Berbix was founded in 2018, and CEO and Co-founder Eric Levine will take the role of SVP and head of DocV Product Management with Socure.
“I’m extremely proud of what we built at Berbix to advance state-of-the-art document verification. Moving forward with Socure, we are able to multiply our impact on day one by leveraging our technology with Socure’s substantial customer base, reach, and reputation.” said Levine.
He added, “Combining our independent investments in document verification is yielding stunning results – and we’re just getting started.”
The acquisition of Berbix accelerates Socure’s product roadmap for document verification by more than 18 months, according to the announcement, and opens up new markets and use cases. The company points to telehealth, remote workforce, ride-sharing, high-risk financial services, and restricted product sales among targets.

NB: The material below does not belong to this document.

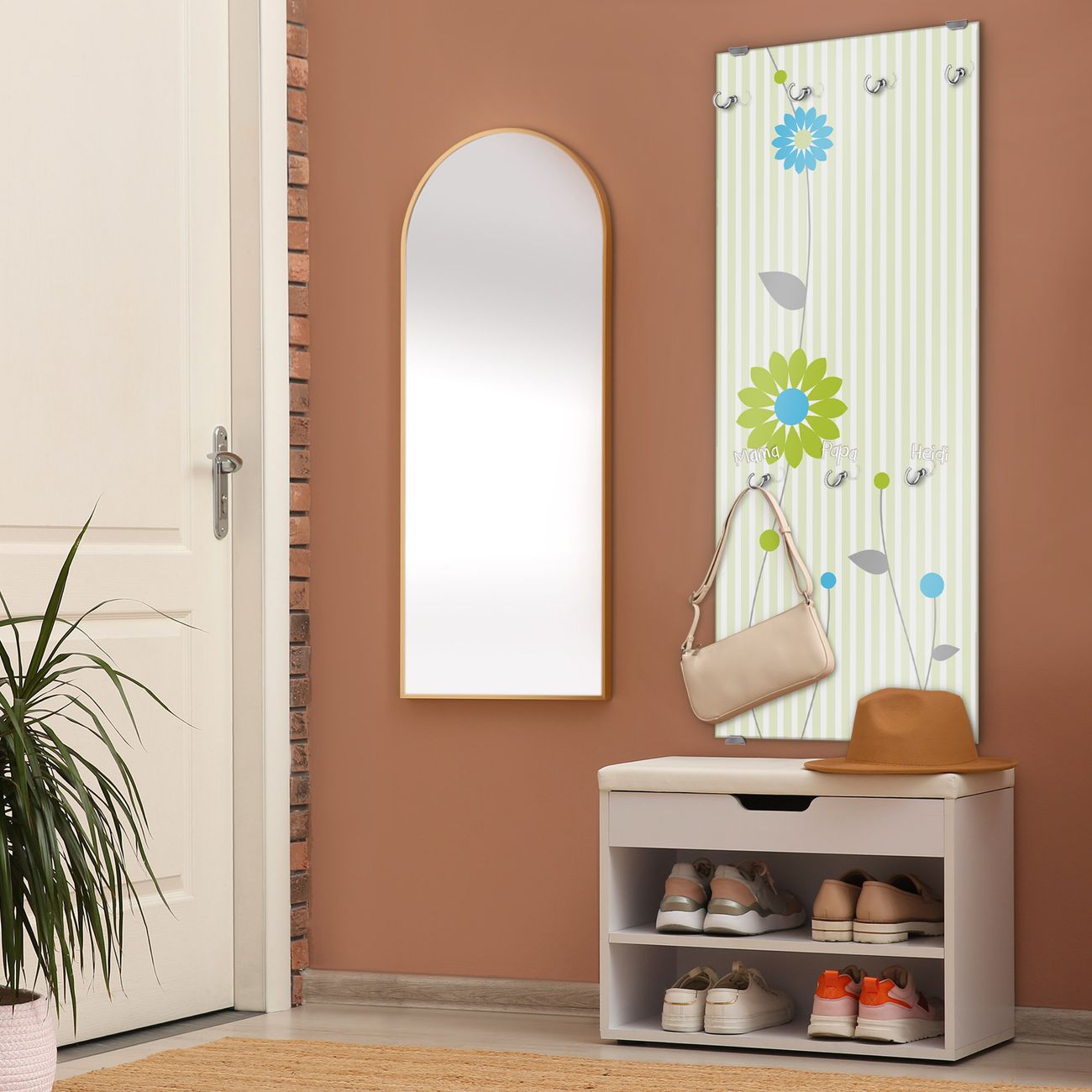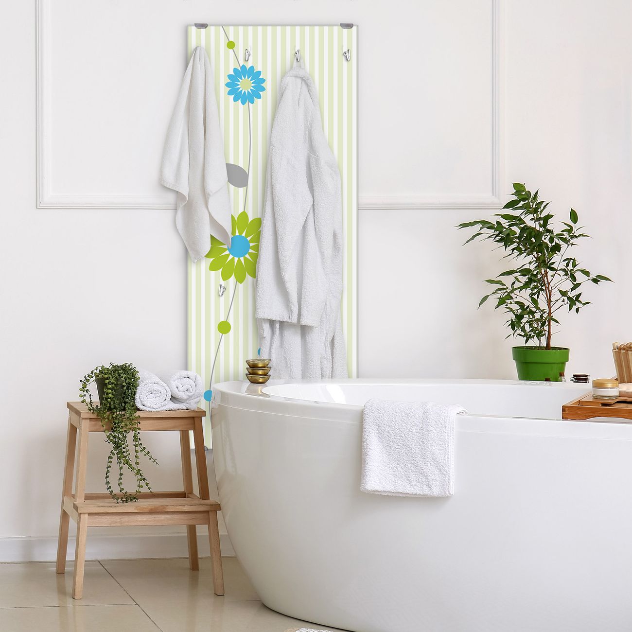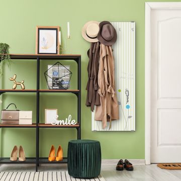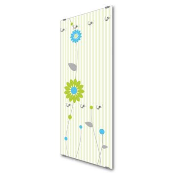 FUNKTION: Die banjado Wandgarderobe mit Motiv Zarte Blumen ist Ihr täglicher Begleiter. Zuverlässig hängen hier Ihre Jacken und Mäntel griffbereit. Das Echtglas ist Ihr Paneel auch beschreibbar und wieder abwischbar. DESIGN: Sie erhalten eine Garderobenleiste aus elegantem Echtglas mit dem Farbbrillanten Motiv Zarte Blumen hinterklebt. Das Design ist zeitlos klassisch, ohne dabei auf Funktionalität zu verzichten. Suchen Sie aus einer Vielzahl von Motiven das für Ihre Einrichtung Passende aus. DETAILS: Die Flurgarderobe besteht aus 4mm gehärtetem Sicherheitsglas. Sie ist 50cm breit, 125cm hoch und 6cm tief. Die Garderobenhaken zur Selbstmontage präsentieren sich in Edelstahl-Optik, ebenso die Abstandshalter für die Wandmontage. Ihre neue Garderobe ist sofort einsatzbereit. NUTZEN: Ihre neue Garderobe hält nicht nur zuverlässig Ihre Kleidung, sie ist auch optisch ein Blickfang. Durch das Glas können Sie an der Garderobe mit wasserlöslichen Kreidestiften oder Whiteboard-Markern auch Nachrichten hinterlassen. BANJADO: Wir sind ein kleines kreatives Team aus Sachsen und entwickeln Produkte die Design und Funktionalität verbinden sollen. Viel Freude mit Ihrer neuen Garderobe wünscht das banjado-Team!

Socure’s international expansion plans also get a boost with global coverage of ICAO-compliant travel documents like passports and national ID cards. New ID documents can also be added to the company’s library quickly with natural language processing that can learn IDs with changing formats, Socure said.
Berbix’ capabilities can also support NIST IAL2, which is used in government onboarding scenarios. The announcement points to U.S. FTC stats showing a 30 percent year-over-year increase in consumer fraud losses in 2022.